Investment in the project, which was approved by the central government last week, will total at least 16 billion yuan (US$1.93 billion).

"We don't have the exact investment amount or some other details of the project now because we haven't got the formal document yet, but hopefully it will arrive soon," said a press officer of CNOOC Group, confirming earlier media reports.

"We will then carry out pre-construction activities such as raising funds, determining final designs and inviting bids," he said. Normally, a project of this size would take three years, or would be completed around 2007/2008, he said.

The refinery, to be located near the group's mammoth petrochemical joint venture with Anglo-Dutch oil giant Royal Dutch/Shell in Daya Bay in Huizhou City, marks the group's first major refinery investment. It will turn the country's third oil firm into an integrated one providing upstream and downstream products.

"Daya Bay is an ideal location for the new project because it could share the public facilities with the nearby petrochemical joint venture to cut costs; meanwhile, the refinery could provide raw materials that the joint venture's ethylene project needs," said the officer. The procedure could save US$100 million for both refinery and ethylene projects.

Besides, the location is expected to shorten transportation distances since the products of the refinery will mainly be marketed in South China, he said.

Different from other refineries in the country, CNOOC's is designed to focus more on heavy oil processing with the crude oil coming from east China's Bohai Bay, which is still under exploration at this stage.

"The equipment will be specially designed for heavy oil that could greatly improve the utilization of the resource," he said.

An official with Daya Bay Economic and Technological Zone said the project had been arranged in the latest blueprint of Daya Bay and will cover a total of 2 square kilometers. "We have made full preparation for the construction of the project," said the official.

CNOOC did not rule out the possibility of operating the project with a foreign partner. "Our financing plan should be open to both domestic and international investors, but it's also possible for the group to run the project on its own," the press officer told China Daily.

The group had proposed to Shell another marriage early this year when the feasibility research report for the refinery project was still seeking approval. However, Shell said it would consider the offer and evaluate the project.

"Our stance (towards CNOOC's proposal) did not change at the moment it got approval. We are pleased to be invited to participate but we are still evaluating the opportunity," Shell China spokeswoman Li Lusha told China Daily yesterday. She did not reveal when the evaluation would end.

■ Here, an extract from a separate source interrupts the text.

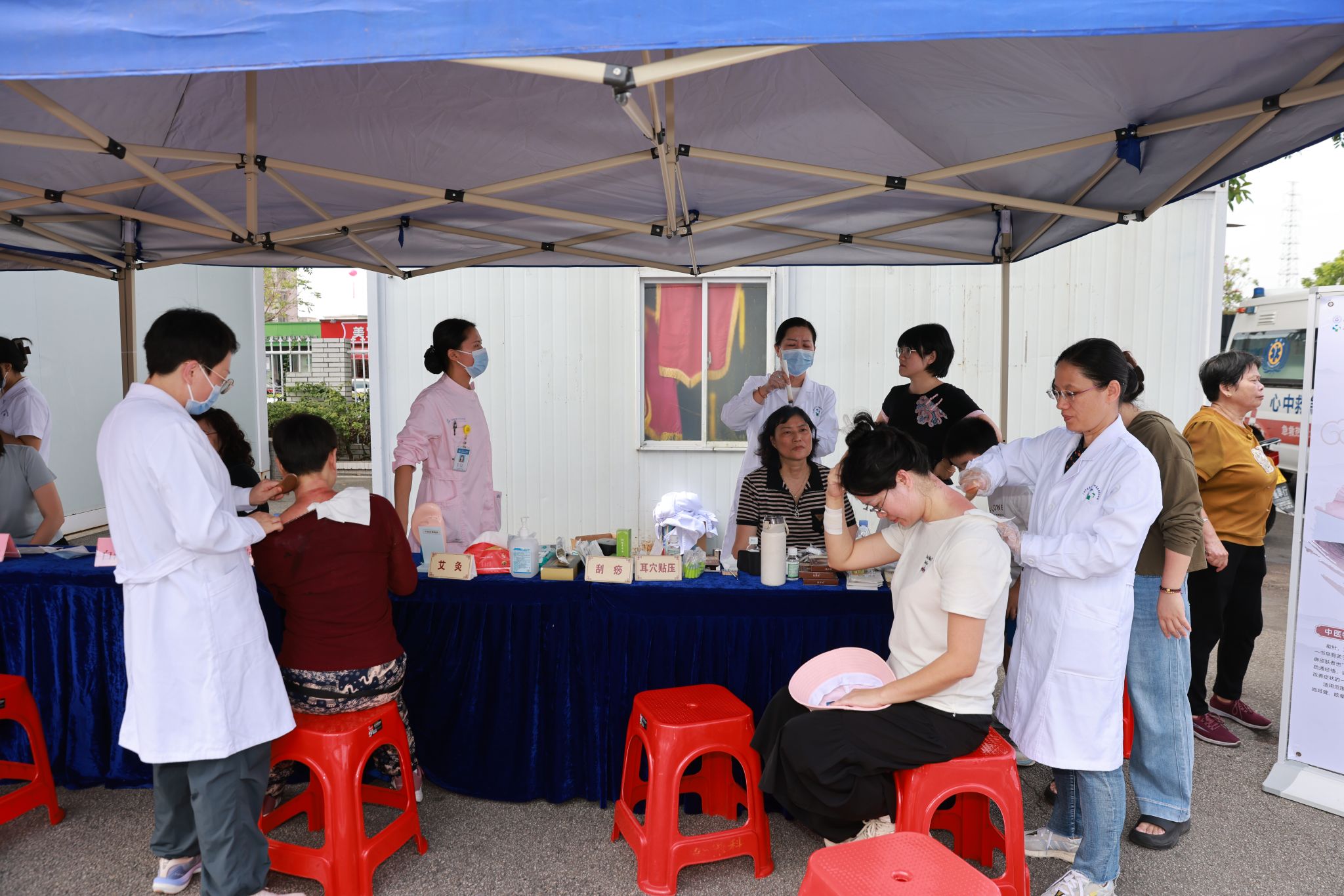 深汕中医医院为本次义诊提供了大力支持。现场设置清晰的分区指引,工作人员和志愿者耐心引导居民按需排队、有序就诊。活动采取现场预约取号方式,确保每位群众都能与专家充分交流。医院还为每位专家配备了同专业的本地医生,协助将专业医学术语转化为通俗的地方语言,实现了医患沟通“零障碍”,整个活动流程温馨、高效,赢得了群众的一致好评。

If Shell decides to go ahead, it will be the first foreign investment in the refinery sector in China for some years.

CNOOC began to lose its attraction as China's sole offshore oil explorer after the country granted offshore exploration licences to Sinopec Group and recently to PetroChina Group, the country's second and first largest oil firms.

It has become more crucial for CNOOC to develop its downstream business, which is mainly dominated by Sinopec and PetroChina.